Chamava-se Oscar. Todos os dias, acordava cedo, já estressado, para ir trabalhar nas suas coisas de engenharia. Comia mal com tanta responsabilidade, mas ao fim do dia, quando chegava a tempo de ir buscar o filho mais velho à paragem de autocarro, sentia-se feliz e realizado. Ganhava bem, tinha uma família bonita, o esforço valia a pena.
Um dia, o governo e a gente de poder decidiram zangar-se uns com os outros. Não como as zangas de crianças, do “não falo mais contigo”. Zangas de gente com dinheiro, com ganância, que não se contenta em chegar a casa e jantar a ouvir as histórias da mulher, as primeiras palavras da filha pequena, a ler um livro nos 10 minutos de sossego que tem antes de ir dormir.
As zangas desta gente que quer mais a todo o custo, leva esse custo a outras vidas. À do Oscar, por exemplo. Que nunca se meteu com ninguém, que cresceu na vida e criou um lar próspero e feliz com as próprias mãos, sem passar por cima de ninguém. As zangas por quererem um pedaço de terra, um mundo mais de submissão, levou a que a vida do Oscar se fosse desmoronando. Pouco a pouco, de início. Com choque, espanto. Mas depois com medo, pânico, corpos onde não deviam estar.
O Oscar gostava muito da sua vida. Do seu trabalho, da sua televisão panorâmica, de ir andar de bicicleta com a família ao fim de semana, dos encontros com os amigos de longa data. Mas tinha medo. Medo de perder tudo isso por uma zanga que não era a sua. O número de corpos na estrada aumentava, ele não queria deixar-se perder. Pensou muito, desesperou muito.
Até que cedeu. O seu país já não era seu. As ruas onde andava de bicicleta estavam negras de sangue, ódio e medo. Não queria que a sua família crescesse assim, não queria temer pela suas vidas, não queria que lhe acontecesse o mesmo que ao seu vizinho com a casa incendiada.

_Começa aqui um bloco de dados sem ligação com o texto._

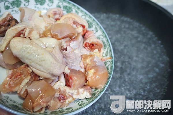 2、坐熱一鍋沸水,下雞塊焯一下,去掉浮沫。
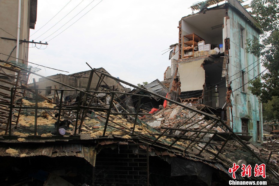 2月3日上午11时20分许,位于浙江省宁波慈溪浒山街道施山社区的雅群面店发生一起疑似锅炉爆炸事故,事故目前已造成5人死亡,6人受伤,三间三层楼房部分倒塌。中新社发 何蒋勇 摄

Pensou muito, não foi de ânimo leve que se vestiram os quatro com uma mochila, cada um com o que lhes valia mais, à vida ou ao coração. Os quilómetros foram muitos, a fome, o medo, o viver escondido. Com o seu telefone podia ir descansando o resto da família que já estava noutras terras, podia ganhar coragem para também ele meter a sua família num barco do inferno.
Negociou. Esperou que o seu dia de sorte azarenta chegasse, que o chamassem. A meio da noite, meteu a sua família num barco super-lotado, num barco que se afundava ainda em terra. Entrou, com pânico por ele e pelos seus. Temeu tanto. O motor não dava conta de tanto peso de corpos, a escuridão não lhes indicava o caminho. Foi um Deus qualquer que o fez.
Chegaram a terra de outros. Com ajuda de corajosos que se atiraram à água por eles, por salvarem mais um colete com vida. Pisaram a terra escorregadia, os olhos dos seus filhos já tinham visto demais para poderem reagir. Não sabia o que os esperava para além daquela praia. Mas ao menos aí, na praia, receberam um sorriso, um abraço e uma manta quente. Ao menos, nessa praia, receberam um pouco de esperança.